David Loji
Agencia Reforma

CIUDAD DE MÉXICO.- Antes era divertido y de manejo vivo, pero no necesariamente un imán de miradas. Eso cambió por completo porque las nuevas líneas del Mazda 3 tienen un ‘no sé qué’ que atrae la atención.
No es que fuera feo, pero este muchachito recibió las actualizaciones justas para resaltar en cualquier lugar. La versión hatchback llama la atención principalmente en la parte trasera que está enmarcada por el amplio poste final, donde las ventanas laterales tienen una terminación que desaparece de la vista con rapidez.
Además, luce más ancho y bajo, lo que transmite una sensación deportiva al combinarse con las llantas que sobresalen levemente de los costados. Me agrada, además, que Mazda aguantó la tentación de caer en el cliché de diseño de instalar rines negros a este auto, pues sus ruedas de 18 pulgadas tienen acabado grafito.
El refinamiento es aún más claro al pasar a la cabina y se nota en cualquier lugar al que voltees: en las parrillas de las bocinas Bose en las puertas delanteras o en la consola que sorprende por su acabado, pues a primera vista parece simplemente negro brillante tipo laca de piano, pero al verlo con más cuidado tiene textura tipo fibra de carbón.
No escatima en seguridad, pues incluye siete bolsas de aire, control de estabilidad, frenos ABS, monitoreo de los puntos ciegos de los espejos, alerta de tráfico transversal, monitoreo de presión de las llantas y cámara de reversa.
El manejo sigue siendo comunicativo y ágil.
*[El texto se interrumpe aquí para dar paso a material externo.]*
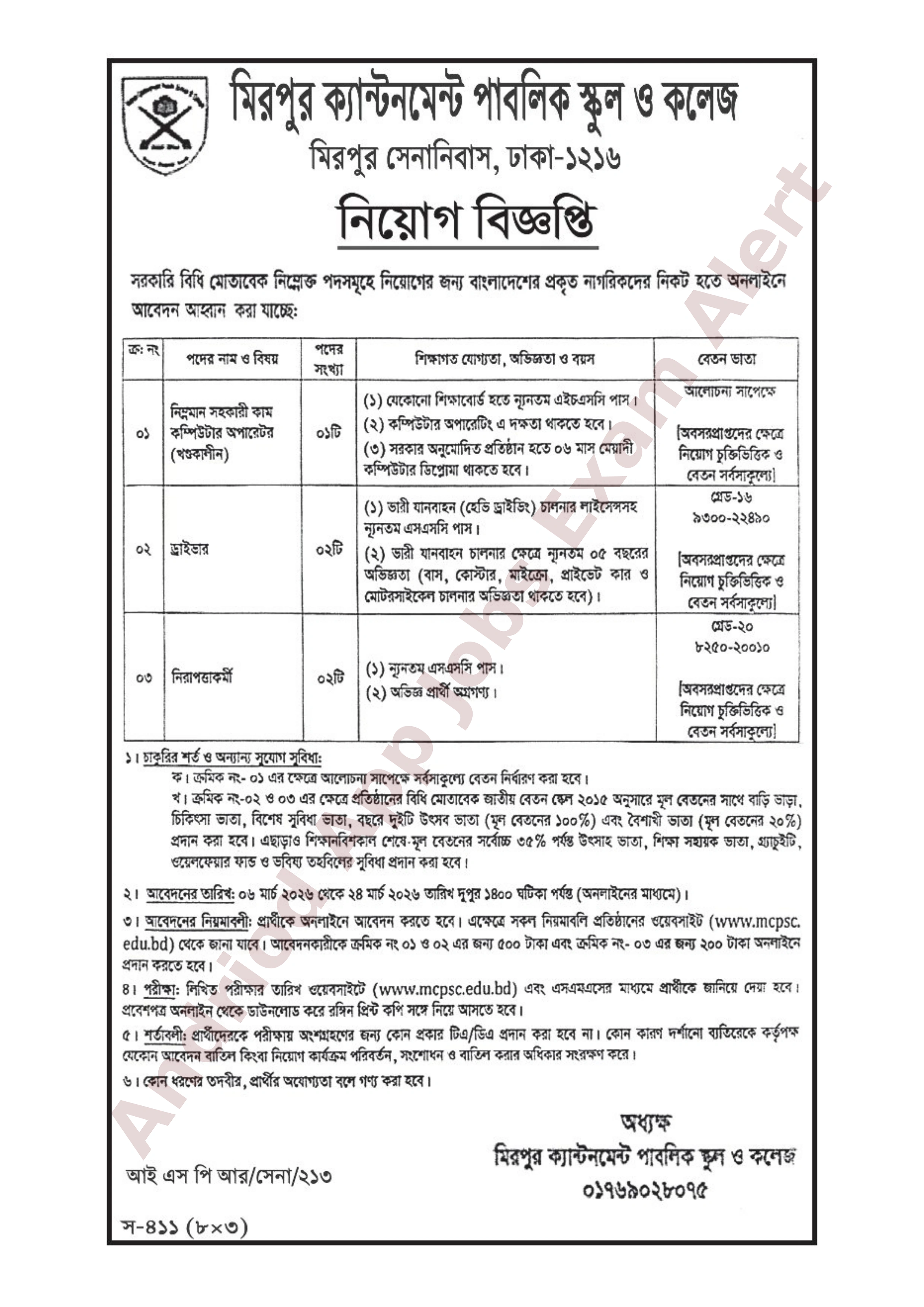 মিরপুর সেনানিবাসস্থ মিরপুর ক্যান্টনমেন্ট পাবলিক স্কুল ও কলেজ বিভিন্ন পদে জনবল নিয়োগের জন্য বিজ্ঞপ্তি প্রকাশ করেছে। আগ্রহী যোগ্য বাংলাদেশি নাগরিকদের নিকট হতে অনলাইনে আবেদন আহ্বান করা হয়েছে।
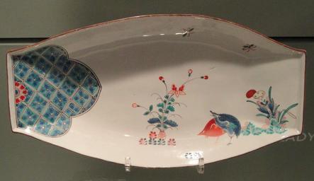 | Keywords: Pickle Dish, c. 1735-1740, Chantilly, soft-paste porcelain with overglaze enamels - Gardiner Museum, Toronto - DSC00620.JPG Exhibit in the Gardiner Museum Toronto Ontario Canada This artwork is in the public domain because the artist died more than 70 years ago Photography was permitted in the museum without restriction Daderot 2012-10-16 14 41 59 Daderot cc0 cc0 Chantilly porcelain in the Gardiner Museum | ||||

Pero a esta conducción vivaz agrega el elemento de refinamiento, pues sin perder la comunicación con el camino se siente una muy grata ausencia de fricción en sus movimientos.
En cierta manera transmite la sensación que percibe un patinador en el hielo: con movimientos rápidos y fluidos, pero siempre en control.
Este manejo es aún más sorprendente al descubrir que el eje trasero no es Multilink como en el modelo anterior, sino de barra de torsión. Antes de que te rasgues las vestiduras por esta decisión que podría sonarte a un retroceso, permíteme decirte que el primer sorprendido fui yo pues después de conducir el auto simplemente no me lo esperaba. Yo creía que la suspensión trasera seguía siendo Multilink como en el modelo previo.
Las suspensiones de barra de torsión son más simples que una Multilink y la debilidad más fuerte que he notado en algunas de ellas es su tendencia a rebotar con fuerza al pasar por topes y demás. Pero en el nuevo Mazda 3 esta tendencia no se nota, además de que el eje muestra autocorrección de vía si se toma una curva cerrada demasiado rápido.
Si puedes, pruébalo en curvas, donde el manejo es tenaz, con un buen agarre y retroalimentación.
Su motor gusta de las altas revoluciones, pero en conducción en ciudad tiene una respuesta robusta. No responde con la misma vivacidad de un turbo a bajas revoluciones, pero aun así permite colarse entre el tráfico.